Music: Almost Lover - A Fine Frenzy

Mood: Hateful



Yesterday, I hung out with Lee for the first time since forever. We went shopping for new bedding so that he could redecorate his bedroom. We started at Dillard's. We found a beautiful bedding set that I told him to get, but he wanted to look around for more options. We ended up going to Mervyns, Bed Bath and Beyond, Linens And Things and then back to Dillard's only to get what I told him to to begin with. We also ate at Lin's for lunch and had wonderful conversations.

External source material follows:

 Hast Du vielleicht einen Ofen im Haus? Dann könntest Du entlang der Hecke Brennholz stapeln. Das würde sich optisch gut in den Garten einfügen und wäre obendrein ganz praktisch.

I then went home and got ready to go to Mr. Sushi with Josh. We first went to Coranado Mall so I could look for my labret and maybe a watch at Whitehall. I couldn't find anything, although I was distracted with the thoughts in my head. All day I couldn't help to think what would become of Josh and me when I have one foot out the door. I know New Mexico is not for me. I know I willl eventually go back to Sacramento. I just don't know when or how. I want to be fair. I don't want to do what others have done to me. Because it's harsh. Because it's cruel. Because Josh doesn't deserve it. I told him perhaps we shouldn't see either anymore because we can't escape the inevitable fact that I will not stay forever. He brought up the possibility that he could move with me. It is not a chance that I want to risk or put effort into at this point in my life. I don't have a whole lot of fight left in me.


Pieces of me do hate you. I hate you. I really do. I once had hopes, dreams, and now I don't even have a fight in me to carry on with my life. You took my independence from me. You took possibilities from me. You took hope from me. You took will from me. You took the best parts of me that made me wonderful. You left a fragment of a man so broken.